Artificial neural networks for the electrocardiographic diagnosis of healed myocardial infarction

Abstract

Artificial neural networks are computer-based expert systems that learn by example, in contrast to the currently used rule-based electrocardiographic interpretation programs. For the purpose of this study, 1,107 electrocardiograms (ECGs) from patients who had undergone cardiac catheterization were used to train and test neural networks for the diagnosis of myocardial infarction. Different combinations of QRS and ST-T measurements were used as input to the neural networks.

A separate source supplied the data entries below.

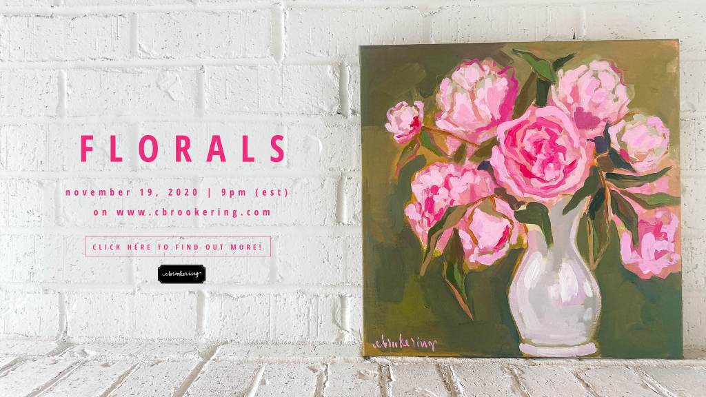 We are SO excited to release some new original floral paintings on November 19, 2020 at 9pm (EST)! These pieces will be available for purchase on https://cbrookering.com/
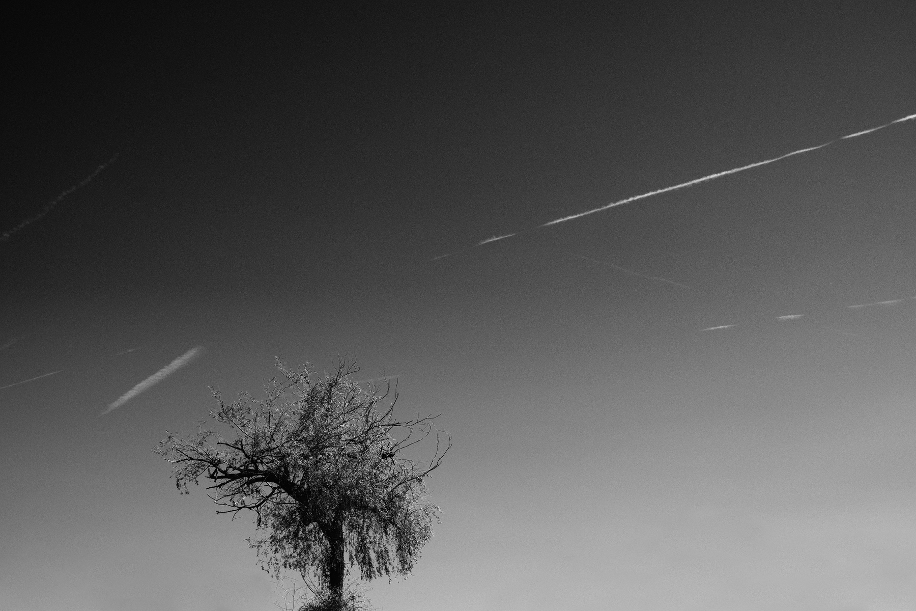 Un alberello che guarda col naso all'insu' , un po' mesto perche' vorrebbe volare anche lui come quegli aerei che vede sfrecciare tutti i giorni. Ma non puo',maledette radici !
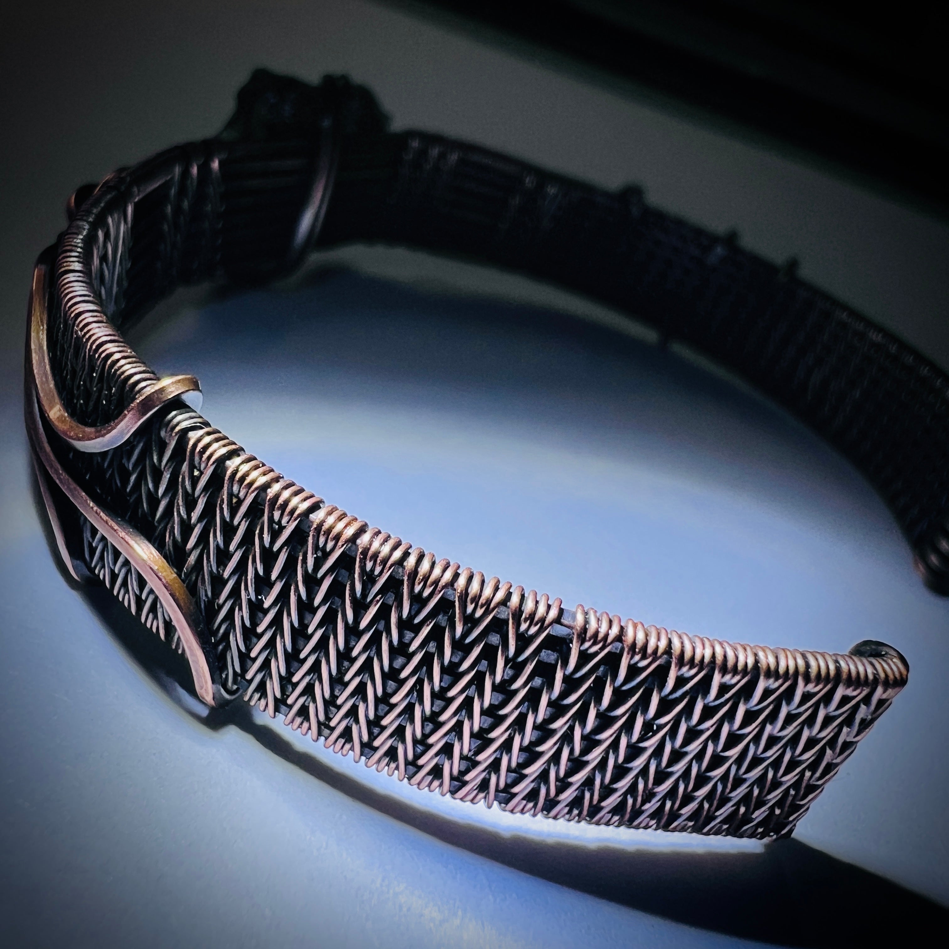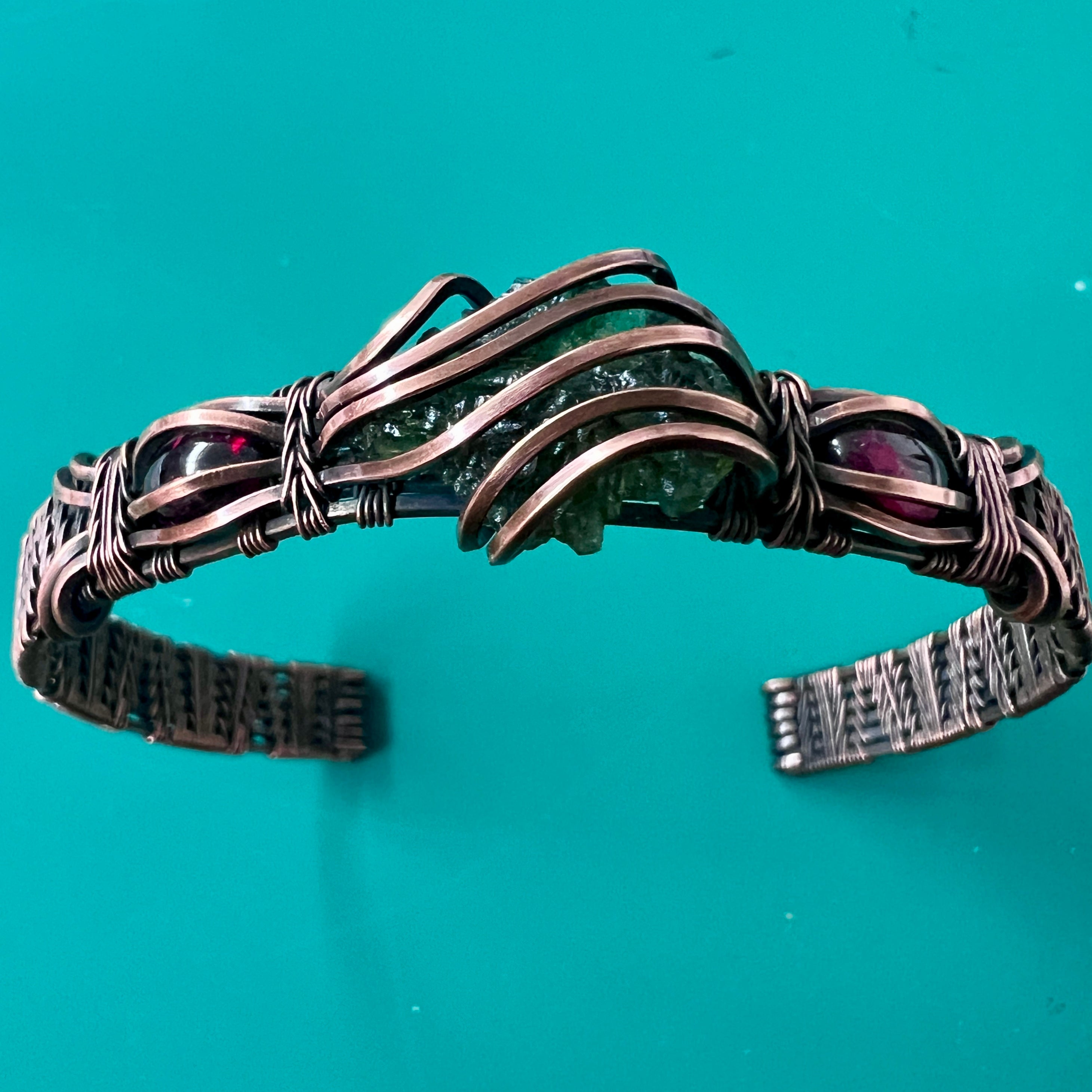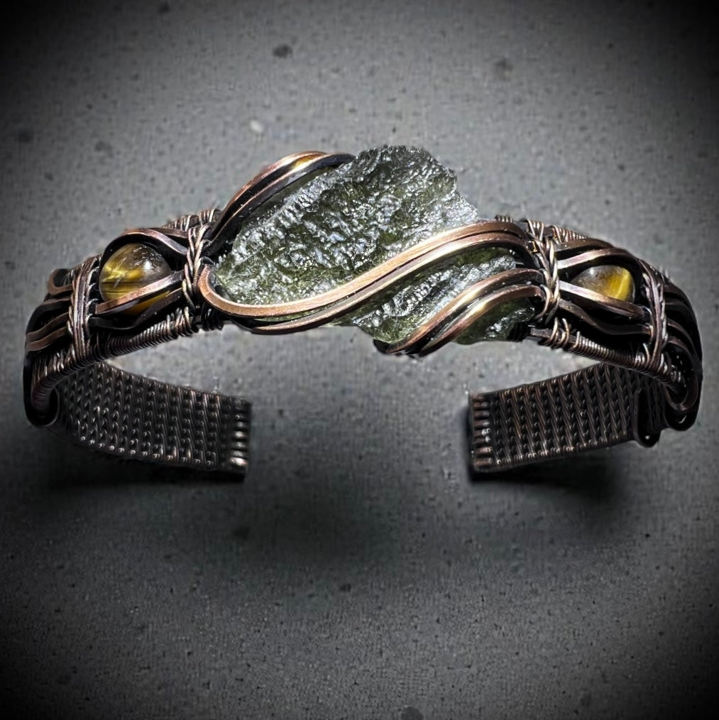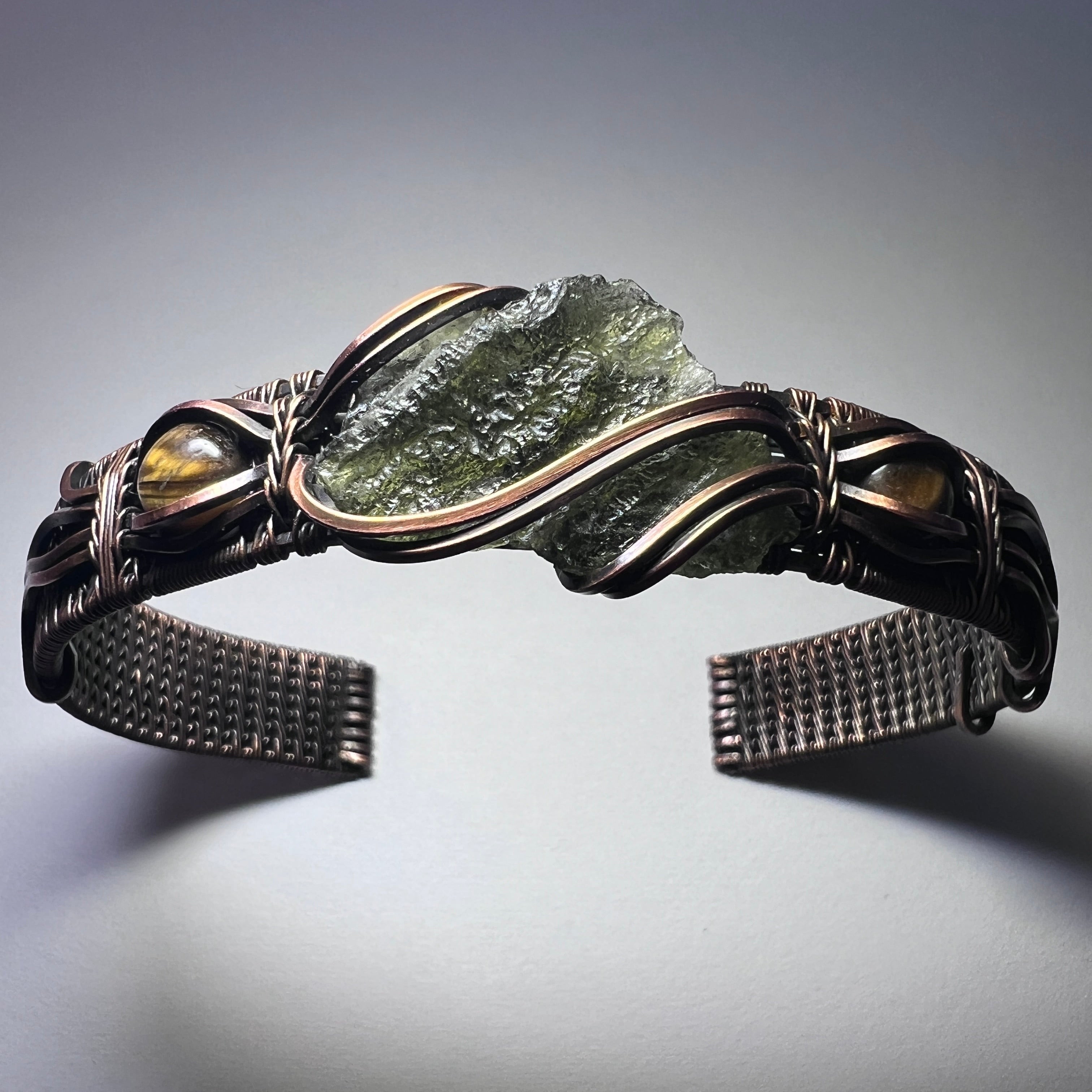 💜 Moldavite & Tigers Eye Copper Bracelet — 1.3g Chlum

In a learning process, the networks automatically adjusted their characteristics to correctly diagnose anterior or inferior wall myocardial infarction from the ECG. Two thirds of the ECGs were used in this process. Thereafter, the performance of the networks was studied in a separate test set, using the remaining third of the ECGs. The results from the networks were also compared with that of conventional electrocardiographic criteria. The sensitivity for the diagnosis of anterior myocardial infarction was 81% for the best network and 68% for the conventional criteria (p < 0.01), both having a specificity of 97.5%. The corresponding sensitivities of the network and the criteria for the diagnosis of inferior myocardial infarction were 78% and 65.5% (p < 0.01), respectively, compared at a specificity of 95%. The results indicate that artificial neural networks may be of interest in the attempt to improve computer-based electrocardiographic interpretation programs.